Influenza is a fascinating virus. When it undergoes antigenic shift, as the novel H1N1 (“swine”) flu did, it efficiently evades most people’s immune systems. Non-novel flu strains are bad enough, but antigenically novel strains can have a ridiculously high attack rate.
John Barry’s book, The Great Influenza, is a (usually*) terrific read, and describes very clearly what can happen when a novel influenza virus encounters a naive population. In the case of the 1918 pandemic, the circulating virus had not only a very high attack rate, but was also violently virulent, killing a large percentage of those infected (at least after the first wave).
So far, the new flu has had the attack rate, but not the virulence. That isn’t to say it’s the equivalent of the common cold; it’s not. Influenza is a potentially serious disease, so the more people it afflicts, the more (in raw numbers) will become seriously ill or die. Still, we’ve been lucky so far.
But our we lucky or good? So far, I vote for luck. Our luck is due mostly to the virus’s lack of virulence, not to medical or public health breakthroughs. The pandemic has not been contained. Influenza likes crowds, and military bases and summer camps are crowded. The Air Force is now reporting that a large number of cadets at their Academy have H1N1 flu, a number likely to grow larger. But at least it’s a containable environment, right? Military recruits have to follow orders, after all. During World War I, containment and control of the epidemic failed at least in part to military orders, or lack of them. In the frenzy to fight, our military and government allowed soldiers who were ill or at risk to travel the world, leading to events such as the Death Train from Camp Grant in Illinois, which, while en route to another camp in Georgia, spread the flu from town to town, and arrived at its destination with up to ten percent of it’s passengers dead or soon to be dead. But we’ve learned from our experiences, right?
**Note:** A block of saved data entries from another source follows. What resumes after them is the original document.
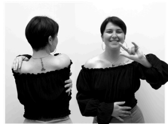
Pour mon frère Eminem "Stan"
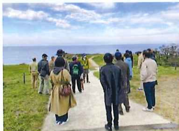
「こんなところ来たことない」 丹後町大成古墳群
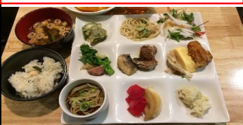
↑おばんざい食べ放題も行きました
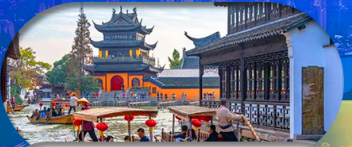
Zhujiajiao Ancient Town ล่องเรือเมืองโบราณ

เซี่ยงไฮ้ ดิสนีย์แลนด์ เมืองโบราณจูเจียเจียว
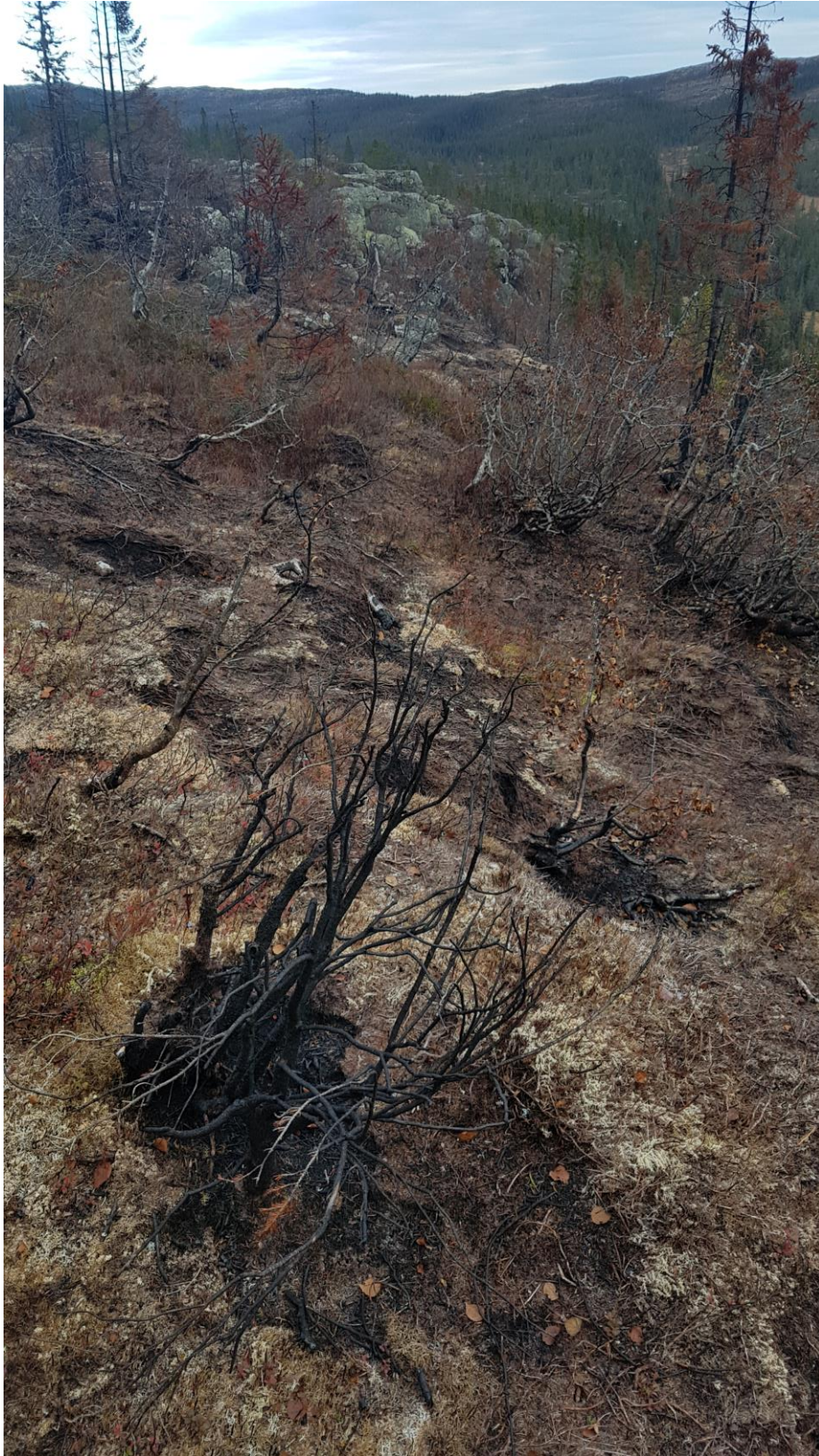
Brannflate sett fra sør mot nord
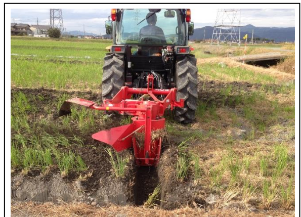
オーガ式溝掘機等で しっかりした排水溝を作る

稲刈りが終わったほ場から順次溝掘りを行いましょ。播種時期を見据え、乾くタイミングを逃さず排水溝を設置し、スムーズに播種が行えるよう準備を進めましょ。10月上旬までを目途に作業を行います。
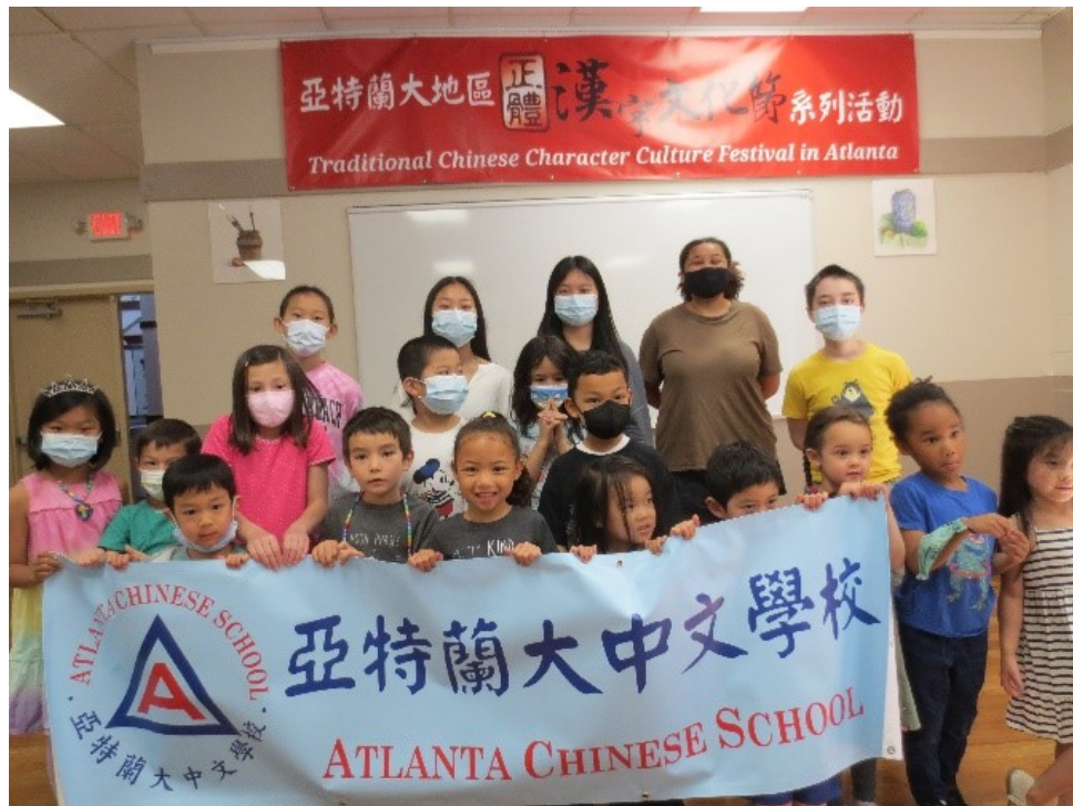
僑校部分參賽學生於比賽後合影

亞特蘭大中文學校希望能藉由漢字詩詞朗誦比賽，讓學生經由聽說讀寫的過程加深對中文的認識，提升學習興趣，推廣中華文化之美。
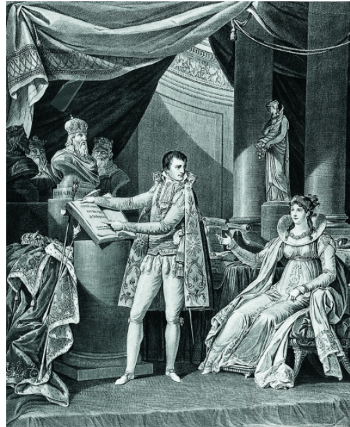
Bonaparte, lisant un extrait du code civil à son épouse, Joséphine.
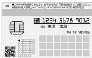
個人番号カード【裏面】

申請から受け取りまで役場に1回の来庁で受け取れます。申請は、通知カードと一緒に届く申請書に写真を添えて申し込みをします。同封の書類に記載のホームページからも写真データを添えて申請できます。また、役場でも交付申請受付を予定しています。
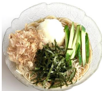
冷しおろしそば 750円
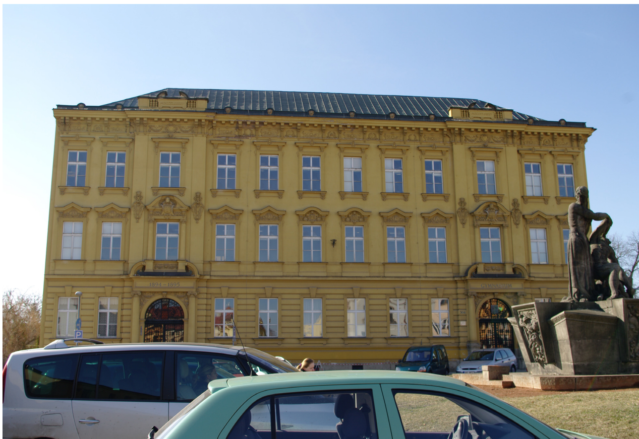
Obr. 24: Pohled na hlavní (východní) průčelí budovy gymnázia (Kudrnovský, 2012).
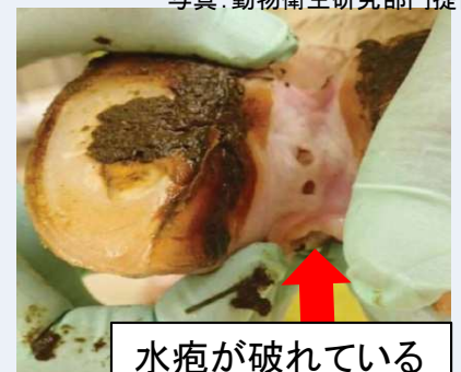
水疱が破れている

毎日必ず健康観察 し、これらの症状を見つけ次第、直ちに 獣医師 や最寄りの 家畜保健衛生所に連絡 しましょう。
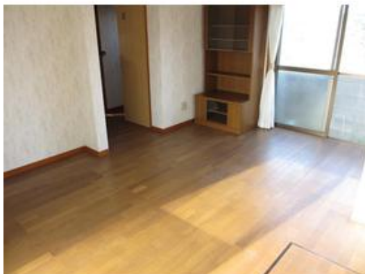
このお家のメインのお部屋になる、DKです。日当たり良好です。
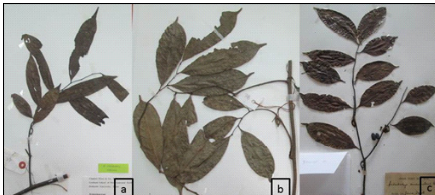
Gambar 2. Variasi morfologi daun A. suaveolens , a. lanset; b. membundar telur sung-sang, c. jorong dan memanjang (a&b: Uchida U45 dan U56, c: Beumèè s.n.).
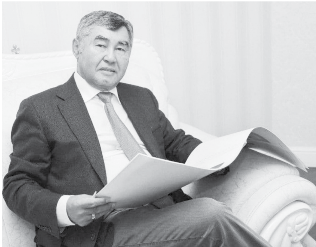
Бакберген ДОСМАНБЕТОВ, қоғам және мемлекет қайраткері, ҰҒА академигі, экономика ғылымдарының докторы, «Болашақ» университетінің құрылтайшысы:
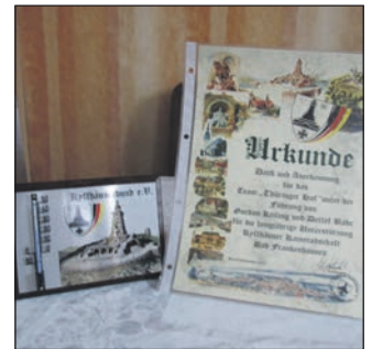
Urkunde und Erinnerungsblatt
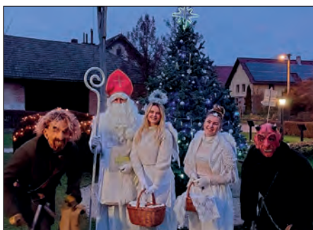
Mikulášská družina
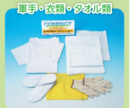
軍手・衣類・タオル類
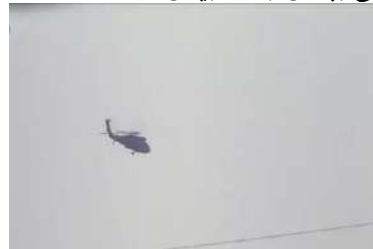
وينه يي ژماره (40): كاريگه ريپن دهنكي

د شيانا ئەويدا هه يه وه كو شيوه يه ك ژ شيوه يپن دهنكي كو ژ ژئدهركي په يدا ببيت، به لي دببت ئەوه ژئدهر ل سه ر شاشه يي دهريكه فيت يان ده رنه كه فيت. ئانكو نه مه رجه ئەم ژئدهري دهنگي ببينين، به لي يا پئدي قيه ئەم بزاني كو ژئدهره ك بو دهنكي هه يه (ديك، 2015: 65)، وه كو: دهنكي فروكه يان، تهقه مه نيي، ترومبيلان ... هتد. ئانكو دببت دهنك يي دهستكرد بيت يان يي سرؤشتي بيت، هه ره و سا دببت ئەم ژئدهري دهنكي ببينين يان نه ببينين.
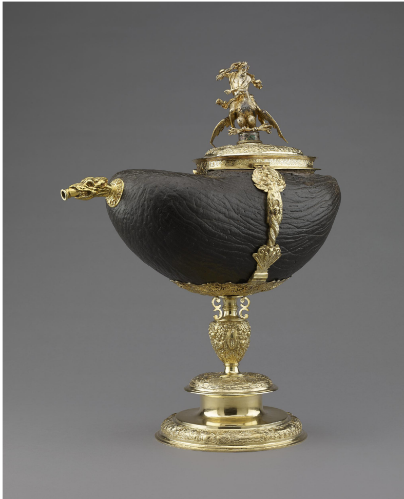
Figure 8. Seychelles nut ewer. British Museum, London
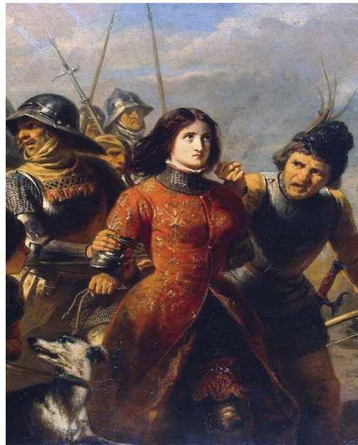
1412,- Nace Juana de Arco, heroína, militar y santa francesa.
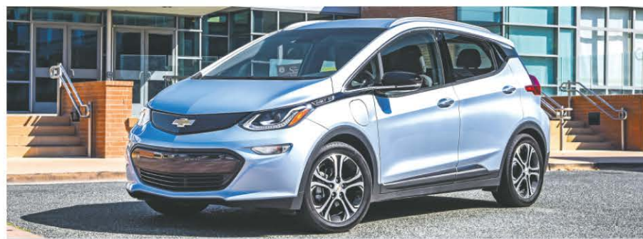
La Bolt EV
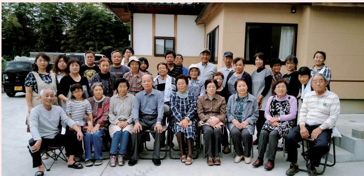
みんなで良い会にしましょう
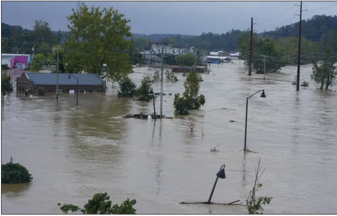
El huracán Helene siguió a una tormenta en Asheville, Carolina del Norte. Ríos inundados comunidades en todo el estado, dejando prácticamente nada más que barro y escombros.

condensa, lo que arroja más precipitaciones.
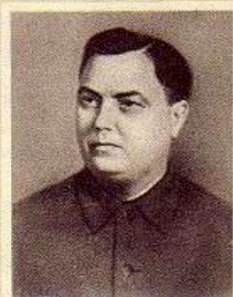
Г. М. МАЛЕНКОВ

[An academy spokesman] said it was nearly impossible to determine the source of the outbreak because some cadets had fanned out across the world for various Air Force-related programs.
We’ve been very lucky so far, in that H1N1 is not more virulent than other influenza viruses. This luck may or may not continue. If we continue a “business as usual” approach to containment, we will be lucky if all we have to deal with is some mild suffering and days lost at work. I don’t like to contemplate what will happen if our luck runs out. But someone had better.
_____________________
*His style is more than occasionally repetitive; the book might have been a bit better if the editor had been a bit less merciful, but I still strongly recommend it.